**TRY IT:** Copy out exactly, from the entries that follow, the line holding "Miserable 1/9 plate", the line holding "Generic - صندوق", and all lines between them, but no pictures.

**SUPPLIED DATA:**
· · · · ·

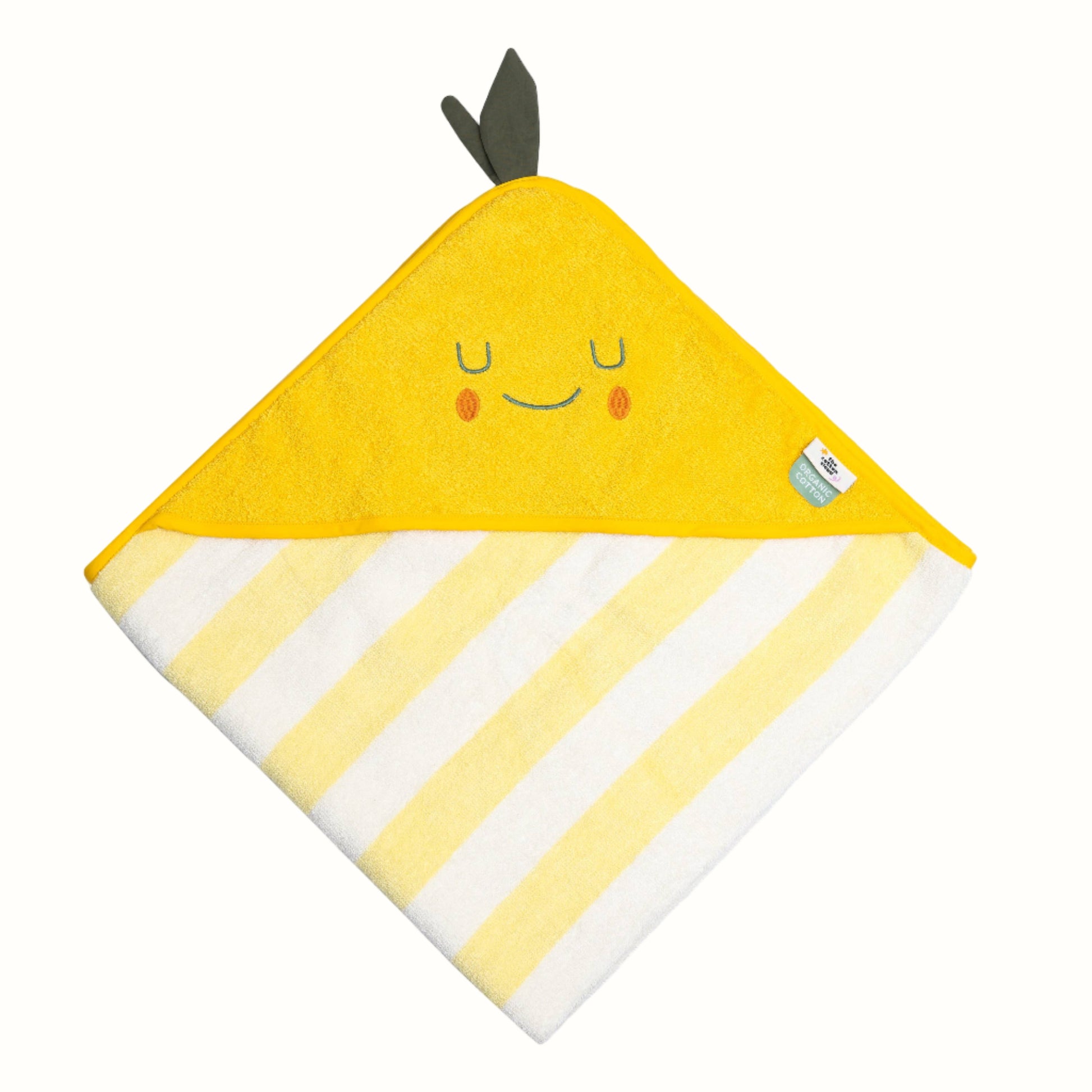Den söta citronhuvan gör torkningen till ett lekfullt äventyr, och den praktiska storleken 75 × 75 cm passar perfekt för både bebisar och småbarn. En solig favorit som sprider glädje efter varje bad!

· · · · ·

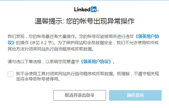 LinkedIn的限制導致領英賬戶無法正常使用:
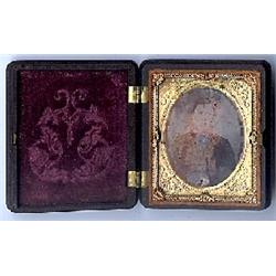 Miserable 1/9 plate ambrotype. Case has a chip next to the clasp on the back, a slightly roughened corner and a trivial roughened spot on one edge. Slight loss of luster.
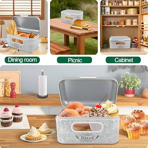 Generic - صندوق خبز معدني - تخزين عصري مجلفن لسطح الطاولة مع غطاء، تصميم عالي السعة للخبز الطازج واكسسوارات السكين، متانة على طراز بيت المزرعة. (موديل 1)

· · · · ·

**EXPECTED ANSWER:**
 Miserable 1/9 plate ambrotype. Case has a chip next to the clasp on the back, a slightly roughened corner and a trivial roughened spot on one edge. Slight loss of luster.
 Generic - صندوق خبز معدني - تخزين عصري مجلفن لسطح الطاولة مع غطاء، تصميم عالي السعة للخبز الطازج واكسسوارات السكين، متانة على طراز بيت المزرعة. (موديل 1)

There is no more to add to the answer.